Recent cuts to Medicare bring up an interesting practice management problem. If a practice chooses to accept patients on social assistance medical insurance (such as Medicare) is it ethical to leave those patients waiting longer?
It would be easy enough to offer 1 or 2 appointments a day to publicly funded insurance plan patients and leave the rest for private pay (block booking based on insurance). The result would be longer health care wait times for public pay patients. The dilemma to providers, of course, is that publicly funded plans usually pay less. The alternative is either a cut in revenue for the clinic or complete denial of access to these patients.
The ethical dilemma stems from the fact that those with less access generally have poorer health. When a practitioner denies access completely the ethical dilemma is transferred to another because the patient seeks care elsewhere. Where a practitioner chooses to govern access through block booking they retain the moral quandary of different levels of care for patients under the same care provider. Once one chooses to accept a patient, is it ethical to allow two patients with the same disease to have different outcomes based on access to the clinic?
A Moral Choice
My opinion is that a clinic could morally limit appointments as long as the process was transparent to patients, made accommodations’ for emergency/urgent cases and did not violate any legal statutes that preclude differentiation based on insurance status. Ideally, wait times for publicly funded patients would still fall within regionally acceptable limits for wait times based on disease. I do not believe the latter is moral requirement so long as the prerequisite of transparency is met.
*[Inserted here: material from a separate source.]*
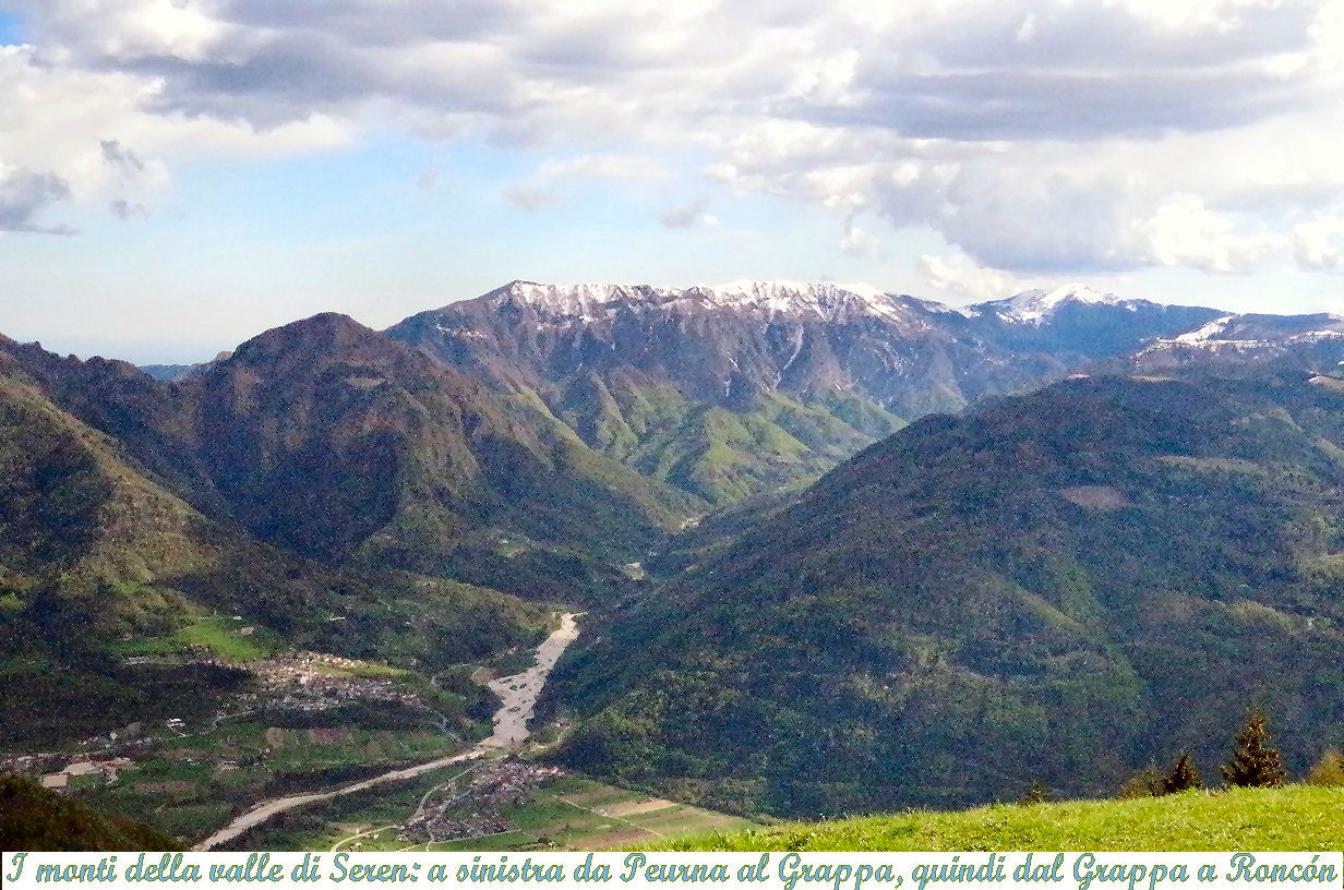 destro la catena Grappa-Fontanasecca-Sassumà ha rilievi che superano i 1600 metri fino al M.

Another problem is that staff controlling schedules have not undergone the same ethical indoctrination as providers. That is not to say that they are any less moral, only that they may not share the same values with respect to patients’ needs which could lead to behavior and booking patterns contrary to the providers’ value system. To align provider choices with booking practices administrative staff require healthy clinic socialization in addition to formal professional education.
Public Policy Concerns
As countries the world over convert to a mix of private and public funding the issue of primary care access based on coverage are going to become more pronounced. If it is to be public policy that income should not correlate with access public policy will need to be set to bring public funds in the range of private expectations and legislation created to equal the playing field. Assuming that coverage remains an acceptable reason to deny access, practitioners who continue to run dual coverage practices will need to consider the ethical implications of offering the service and professional colleges the standards by which dual coverage access will be provided.